Политика благочестия. Исламское возрождение и феминистский субъект — страница 41 из 58

Когда эти женщины собирались, их обсуждения часто сосредоточивались на двух проблемах, с которыми они постоянно сталкивались, стремясь поддержать благочестивый образ жизни. Первая заключалась в необходимости быть дружелюбной к другим: и коллегам, и близким, которые постоянно подталкивали этих женщин к ситуациям, не соответствующим их стремлению к благочестию в повседневной жизни. Вторая проблема связана с внутренней борьбой, вызванной тем, что окружающий мир постоянно соблазнял их.

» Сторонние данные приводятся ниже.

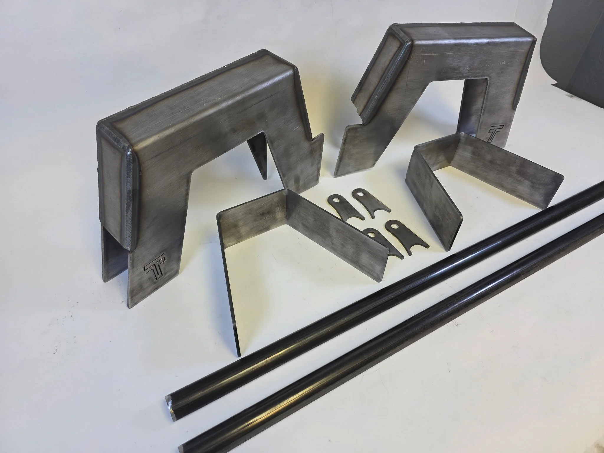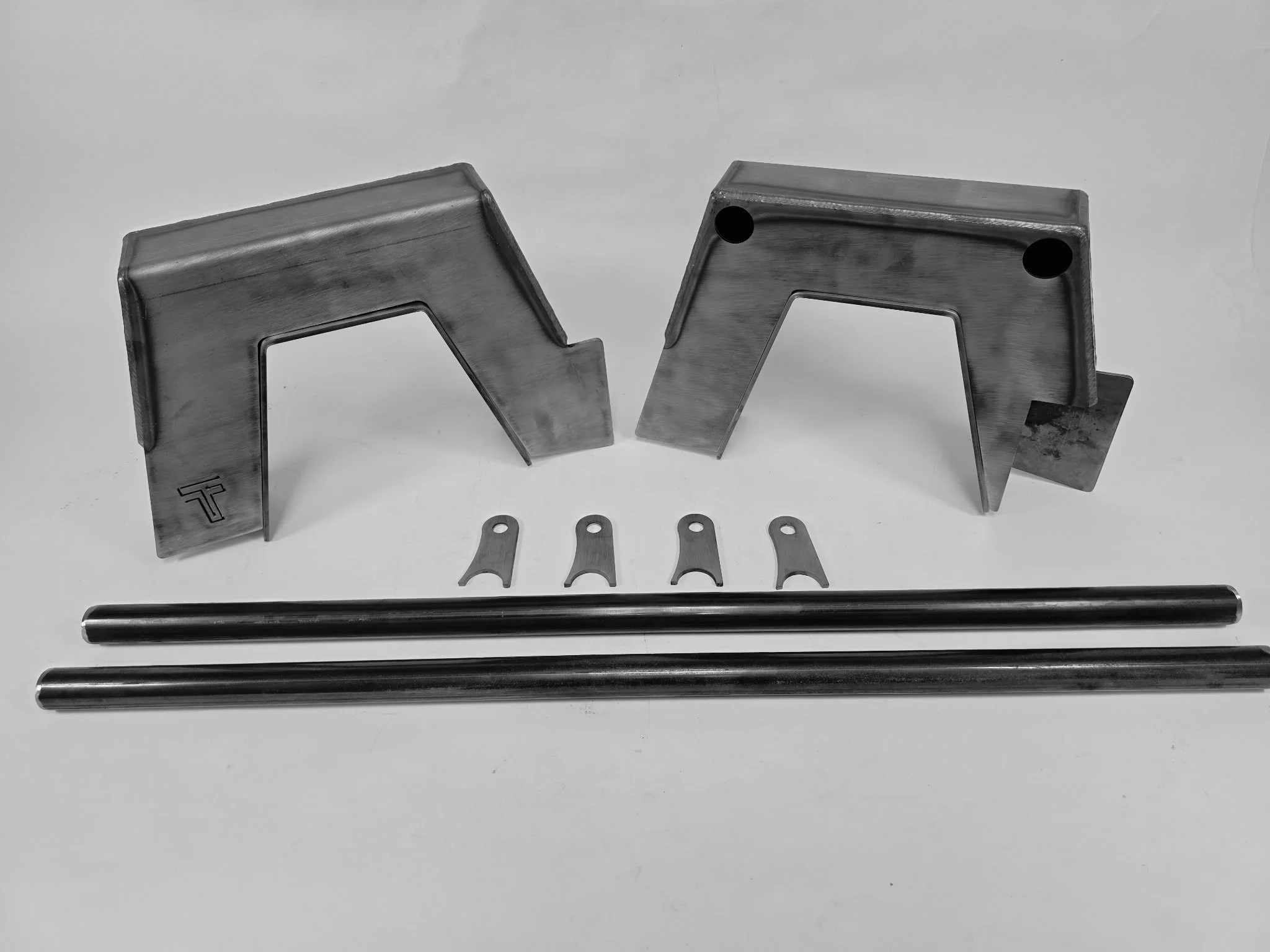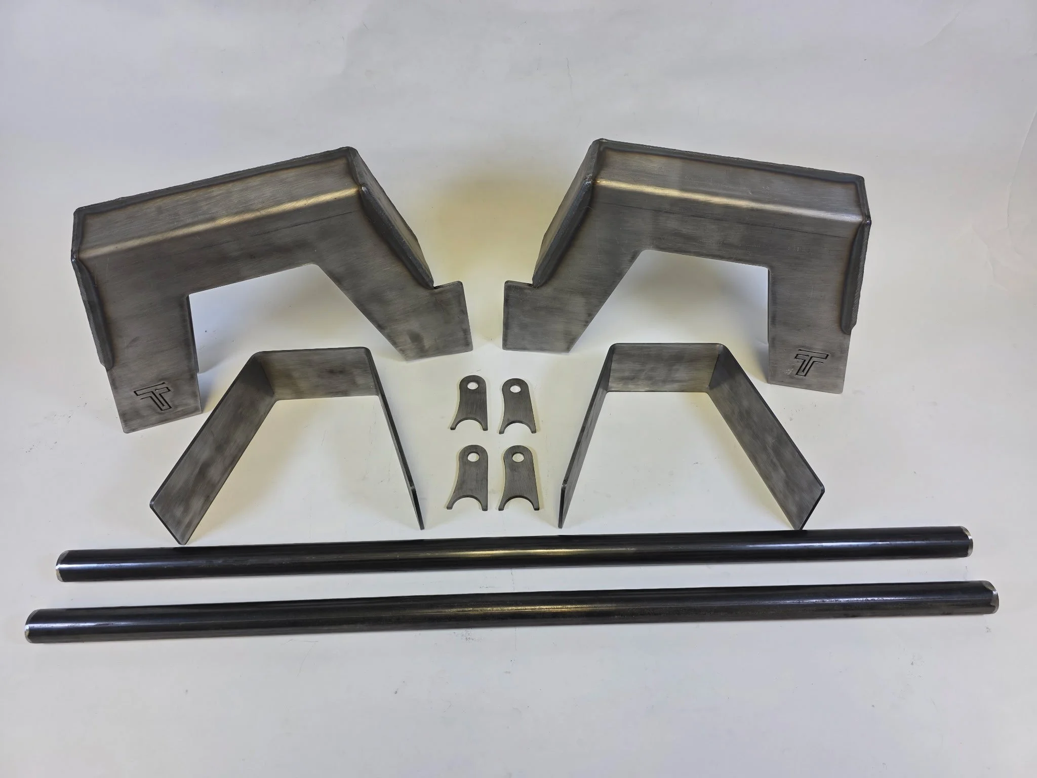 Comes with notches, 2 1.25” crossbars and upper shock relocation tabs.

Однажды группа читала и обсуждала практическое значение священного текста: коранической суры «Аль-Касас» («Рассказ»), посвященной добродетели ḥayā’, то есть скромности, чаемой добродетели благочестивых мусульман в целом и женщин в частности. Практика ḥayā’ предполагает сдержанность, застенчивость, умение чувствовать стыд и вести себя в соответствии с ним. Все исламские добродетели гендерно окрашены — степени и стандарты, предъявляемые к мужчинам и женщинам, отличаются, но для скромности (ḥayā’) это особенно верно. Проблему с культивацией этой добродетели мне объяснили во время обсуждения толкования суры «Рассказ», когда одна из женщин, Амал, обратила наше внимание на аят 25, повествующий о женщине, которая со смущением (ḥayā’) подошла к Мусе и попросила его поговорить с ее отцом и просить ее руки. В отличие от других участниц группы Амал, чрезвычайно прямая и уверенная в себе, редко проявляет нерешительность в общении с мужчинами или женщинами. В целом я бы ее не описала как скромную, поскольку скромность я считаю антонимом таких качеств, как уверенность в себе и откровенность. Однако, как я узнала позже, Амал научилась быть прямолинейной, не теряя при этом исламских стандартов сдержанности, самообладания и благопристойности, предъявлемых к благочестивым мусульманкам. Разговор развивался следующим образом.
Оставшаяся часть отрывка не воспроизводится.